Experts still expected, how much can be assessed Ukrtelecom package, for example consulting firm, “The Island” appreciated the majority at or above the reserve price, which was proposed and approved by the ESU SPF, which incidentally is the only bidder state-owned operator. The company offered to pay 10 USD more than it has been suggested that MFI – 10.5 billion USD. The same opinion is shared by Denis Belov, a financial analyst at Astrum IM.

Oleg Tinkov: The world changed employers

Oleg Tinkov: The world has changed employers

Oleg Tinkoff, chairman of the bank “Tinkoff. Credit system. “Oleg reveals the meaning and the idea of ​​entrepreneurship, the benefits of entrepreneurial freedom and how to find it.

Irina Razumova: People want to spend on health

Irina Razumova: People want to spend on health

Irina Razumova, founder of the fitness centers “Planet Fitness” talks about his entrepreneurial ways, the market of sports and fitness, as well as its underwater reefs.

In Uanet counted 11.3 million users

Ukrainian Internet has grown, and the number of users grew by 29% compared to December 2009. According to research gemiusAudience, which were held by “Gemius Ukraine”, the number of Internet users totaled about 11.3 million people.

Gender composition of the audience is almost balanced, men more than 51% of total Internet users, women – 49%. Both women and men spend on the Internet the same amount of time.

However, in the Ukrainian Internet audience continues to be young: 36% of audience from 14 to 24 years, 29% – a group of 25 to 34 years.

Picture 1. The Ukrainian online audience by age, December 2010 *

As the results of the study, most users access the Internet from a home PC (89.38%), less often – in an Internet cafe or at school / institute (12.55 and 7.26%).

About 59% of the audience lives in cities with populations over 500 thousand people.

Kyiv and Kyiv region remain the most advanced in terms of Internet, the region (see Figure 2 ).

Picture 2. The Ukrainian online audiences by region, December 2010 *

Recall, according to various estimates (including these “iKS-Consulting”) audience, which enjoys the services of broadband Internet access, at the end of 2010 amounted to some 3 million people.

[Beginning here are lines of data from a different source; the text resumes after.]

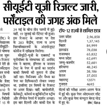 Read Moreकेंद्रीय विश्वविद्यालय प्रवेश परीक्षा (CUET) 2024 का परिणाम घोषित कर दिया गया है। छात्र अब आधिकारिक वेबसाइट पर जाकर अपना रिजल्ट देख सकते हैं। इस साल की परीक्षा में देशभर से लाखों छात्रों ने हिस्सा लिया था, और परिणाम का इंतजार कर रहे थे। CUET 2024 के परिणाम को लेकर छात्रों में भारी उत्साह और उत्सुकता थी। परीक्षा के परिणाम के साथ ही छात्रों की रैंक और स्कोरकार्ड भी जारी कर दिए गए हैं। परिणाम देखने के लिए छात्रों को अपने रोल नंबर और अन्य आवश्यक जानकारी वेबसाइट पर दर्ज करनी होगी। NTA (नेशनल टेस्टिंग एजेंसी) ने परीक्षा का आयोजन किया था और यह सुनिश्चित किया कि परीक्षा प्रक्रिया सुचारू और पारदर्शी रहे। परिणामों की घोषणा के बाद अब छात्रों को उनके पसंदीदा केंद्रीय विश्वविद्यालयों में दाखिले की प्रक्रिया शुरू होगी। रिजल्ट चेक करने के लिए छात्रों को निम्नलिखित कदम उठाने हों...
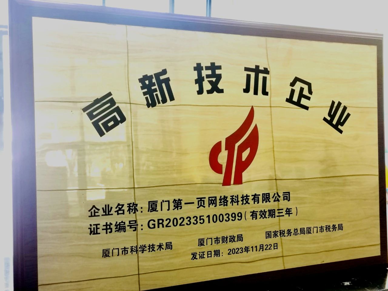 第一頁網絡科技有限公司再次榮獲國家高新技術企業(yè)認證,更好地助力中國企業(yè)品牌出海!
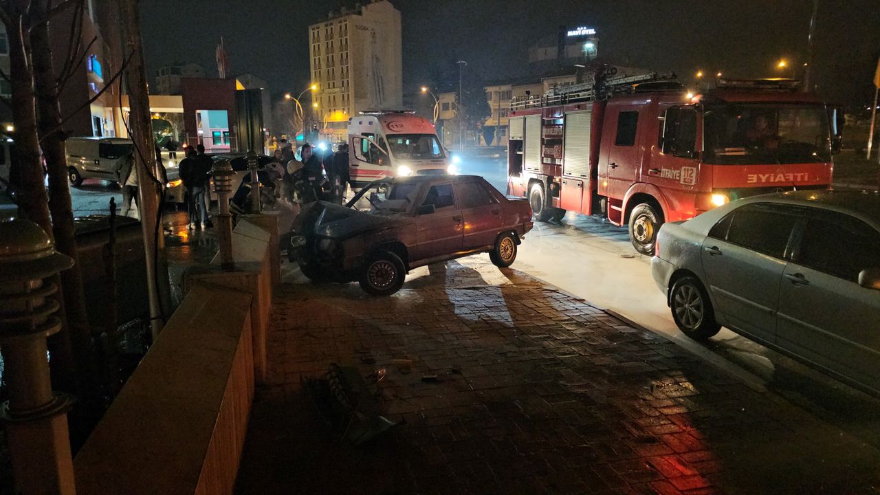 Mahmut C.B. idaresindeki otomobil, Gazi Caddesi Abide Kavşağı'nda bir akaryakıt istasyonunun çevre duvarına çarptı.
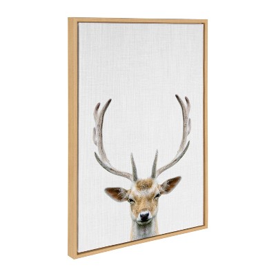 Kate and Laurel Sylvie Deer Color Framed Canvas by Simon Te of Tai Prints, 23x33 Sylvie Natural
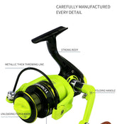 YUMOSHI Green OE Series Metal Wire Cup Spinning Reel: Versatile Fishing Wheel for Luya, Rock Rod & General Use - Smooth Feel, Powerful Performance - Folding Interchangeable Rocker Arm - OE2000-7000 Models Available (Likely OE3000 Shown)
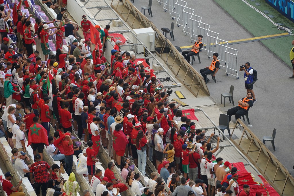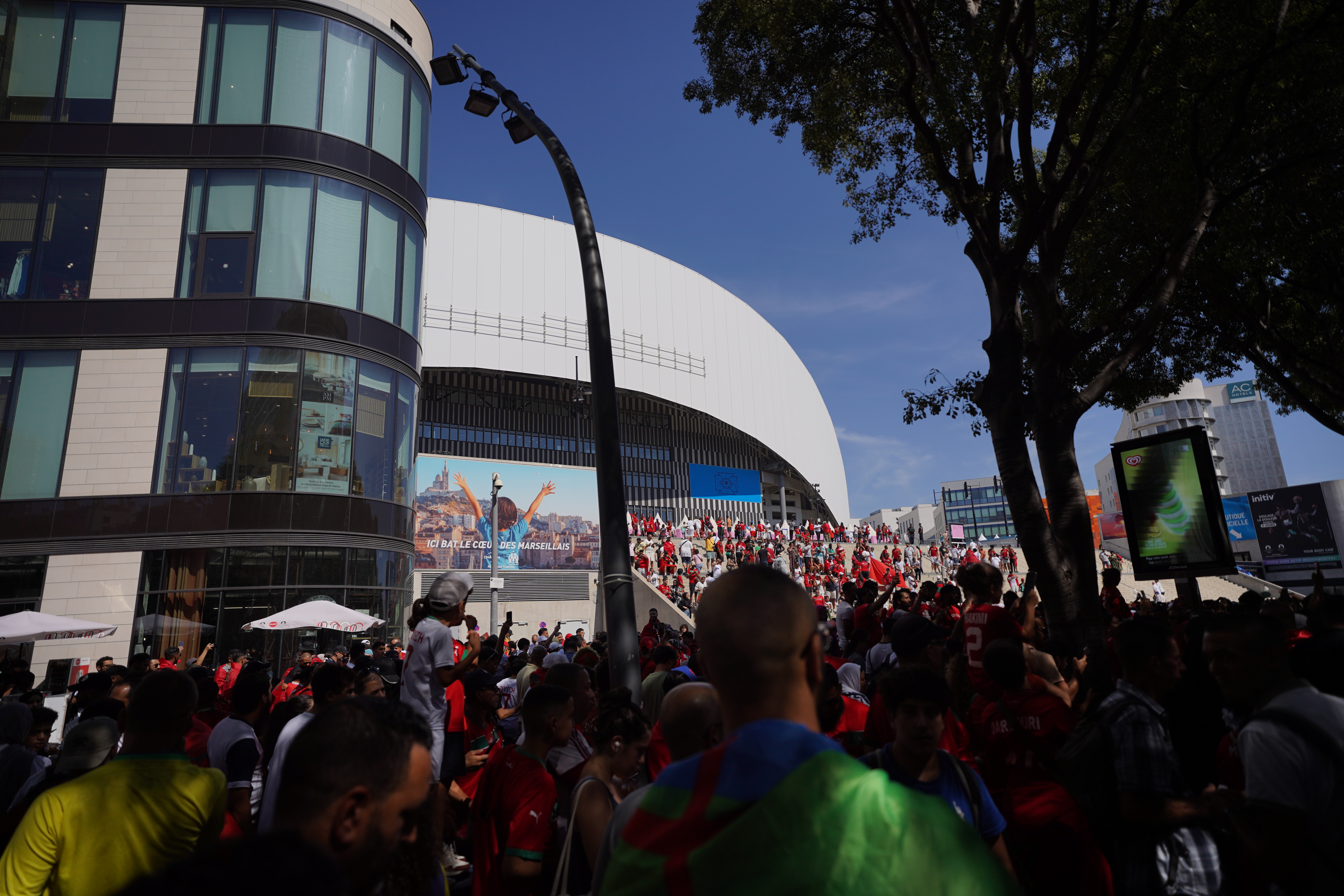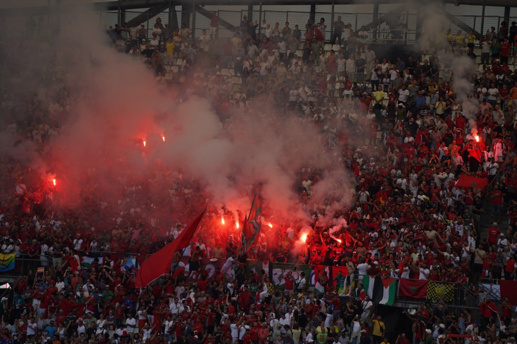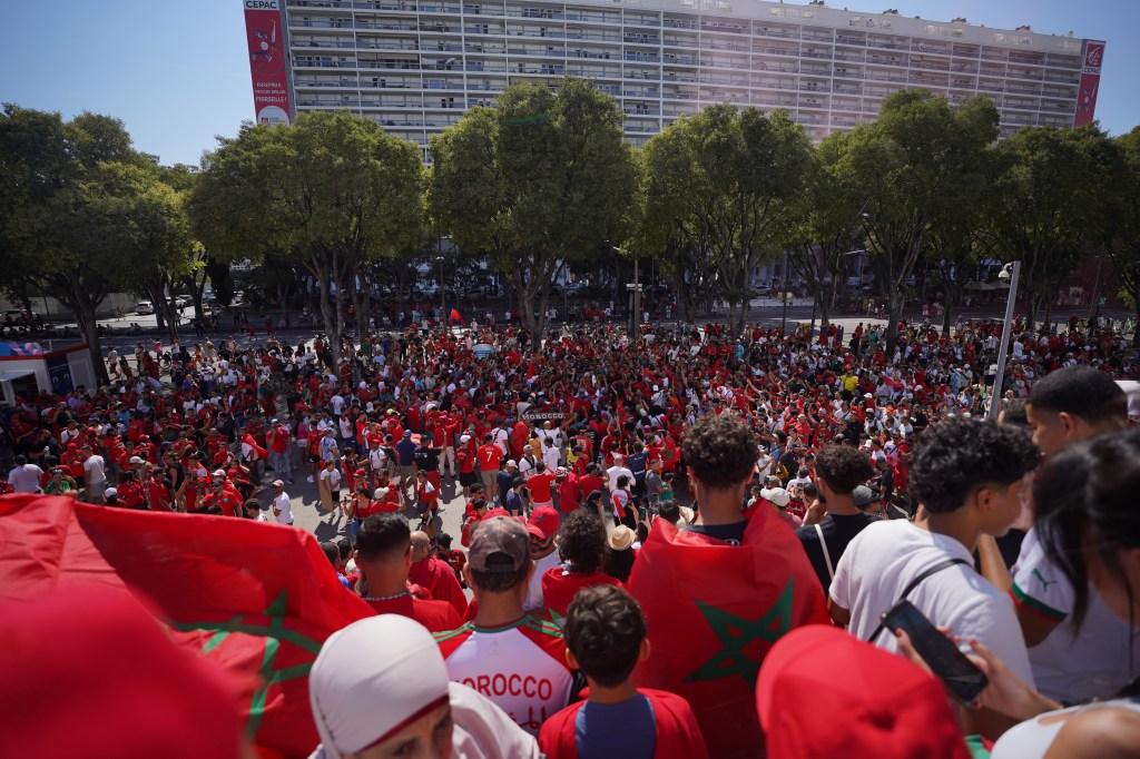 Big crowds of Morocco fans filled the area outside the stadium, chanting and setting off flares and fireworks. There were a few people in Spanish colors, but the vast majority of fans were cheering for Morocco. And we’ve heard some loud fans at matches before but nothing to rival the roar inside the stadium as the Moroccan team took to the pitch for warm ups.

Victor Remsha: Internet — affordable access to a person

Internet — affordable access to a person

Victor Remsha, founder of the holding company “Finam”, talks about financial markets and the development of the Internet.
Group of Companies “Finam” in late 2010 was awarded the title “Largest broker in 2010” according to RBC.

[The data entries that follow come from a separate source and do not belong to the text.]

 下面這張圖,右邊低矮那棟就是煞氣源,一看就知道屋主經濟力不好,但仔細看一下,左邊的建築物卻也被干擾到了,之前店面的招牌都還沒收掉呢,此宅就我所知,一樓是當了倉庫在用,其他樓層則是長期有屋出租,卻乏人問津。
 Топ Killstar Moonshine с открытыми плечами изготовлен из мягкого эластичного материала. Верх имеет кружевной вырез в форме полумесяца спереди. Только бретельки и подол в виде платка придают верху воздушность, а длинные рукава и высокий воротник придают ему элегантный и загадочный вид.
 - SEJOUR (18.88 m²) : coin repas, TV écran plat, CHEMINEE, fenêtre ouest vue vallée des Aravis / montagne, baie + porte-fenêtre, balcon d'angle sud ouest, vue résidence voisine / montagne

Southern Mining has new chairman

On April 30, 2010 to chair today with the prefix “Acting” held Korolenko (see photo).

Later he was appointed the new head YuGOK after scandal with the dismissal of a top manager Sergey Barabanov due to inefficient management of the enterprise, resulting in YuGOK 2009 ended with a loss of USD 73.6 million, while revenue fell by more than half (53.7 %), to 2.12 billion hryvnia.

These dismal results have forced the shareholders to change the company’s management, which would have been able to establish effective working mill, identified the program of modernization and development strategy, which until then just do not do it. Shareholders put on Michael Korolenko, who started his career at Southern GOK.

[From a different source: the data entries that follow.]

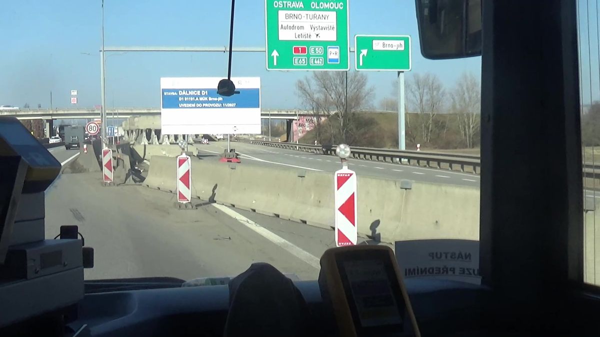 Budování dálniční křižovatky D1 a D2 pohledem z dálnice.
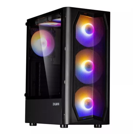 ATX formátumú Midi-torony kialakítású Zalman N4 Rev.1 számítógépház beépített RGB ventilátorokkal.
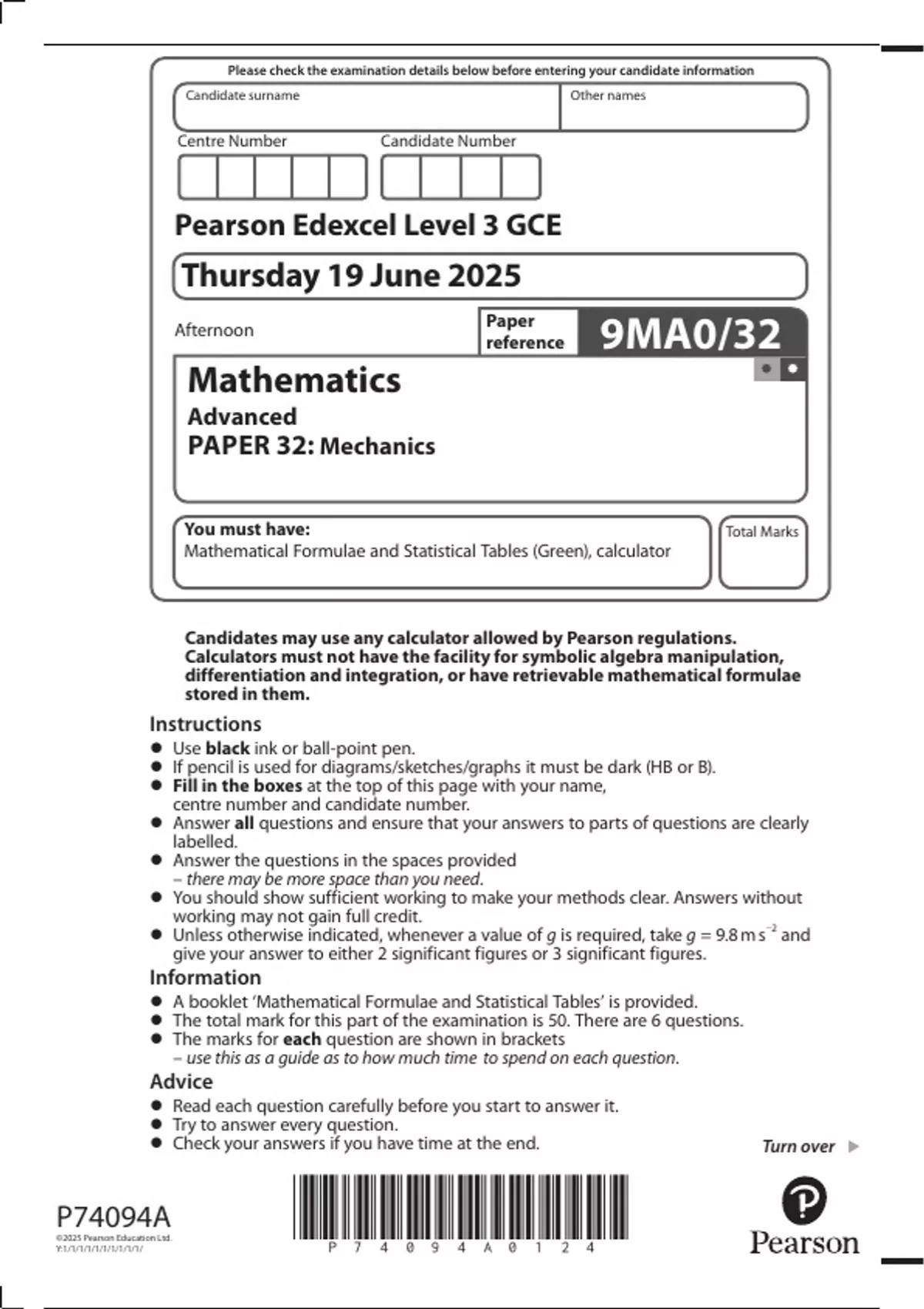 Candidates may use any calculator allowed by Pearson regulations.
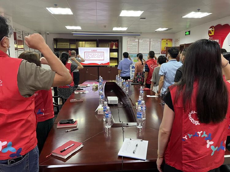 孙大雷带领沙嘴社区党员和支部书记重温入党誓词,号召各位党员铭记入党初心,坚定理想信念,为实现中华民族伟大复兴的中国梦筑牢思想根基。
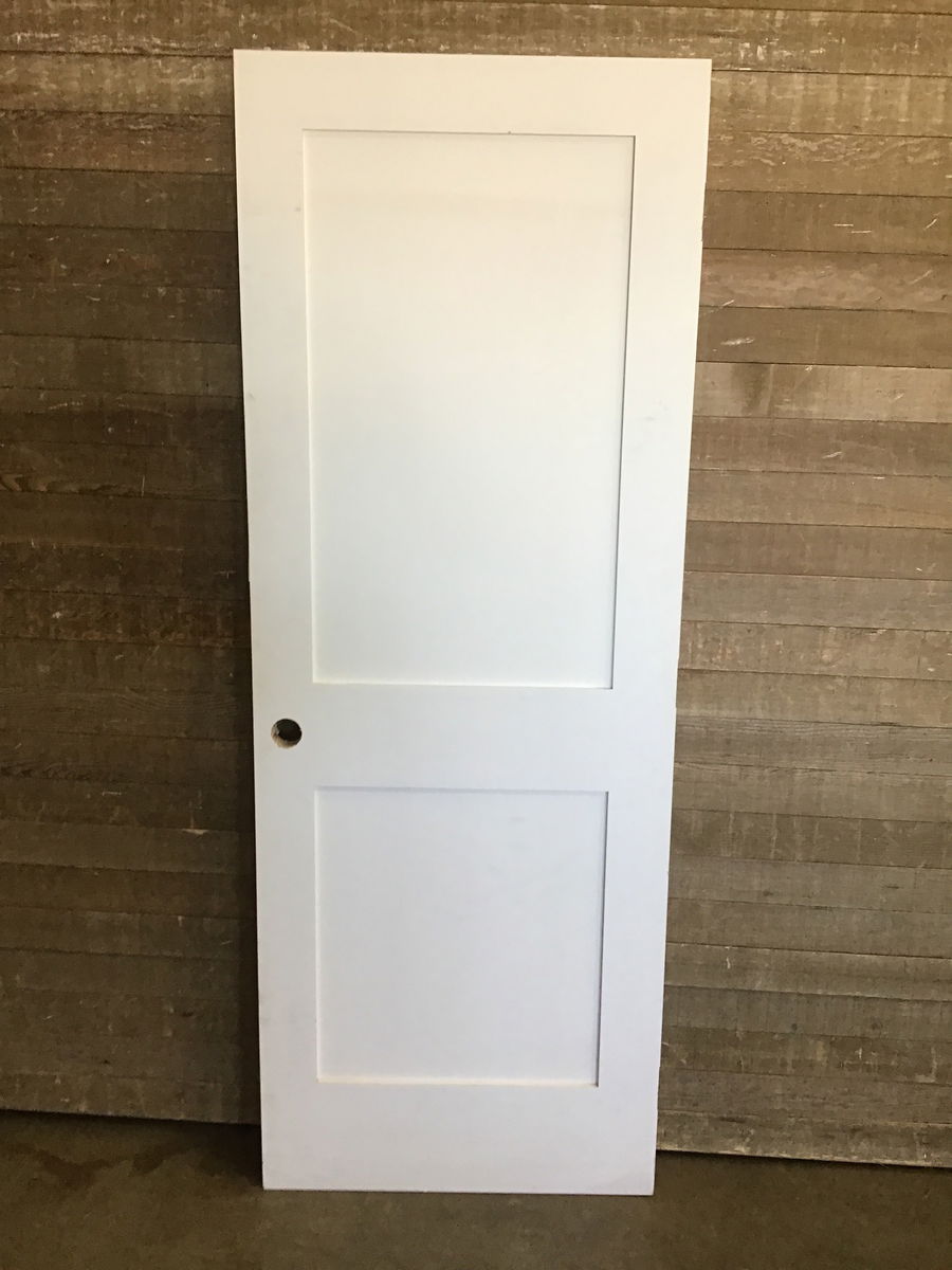 Primed MDF two panel interior door. Has been cut on the door hardware side by a 1/4".

Subsequently, the month of August YuGOK could reach record levels for the implementation of its products, which could not achieve in 10 years. This was facilitated by better management of sales, of course, not without improving the overall situation in the iron ore market in Ukraine and the world at large. With these factors, the company managed to increase sales of iron ore by 52% (to 1.8 million tonnes) as against the same period last year.

In the first and third quarters of 2010 the volume of sinter production rose by 61% (to 1.09 million tons), compared to the same period last year, and concentrate production by 38.4% (to 5.8 million tons).

The new management so developed an investment program in the production of the 2010 total of 370 million USD, which was implemented from September. The bulk of investments will go to repair existing equipment, as well as to purchase a new one. “It has to ensure smooth operation of the plant and lay the foundation for future development” – says Korolenko.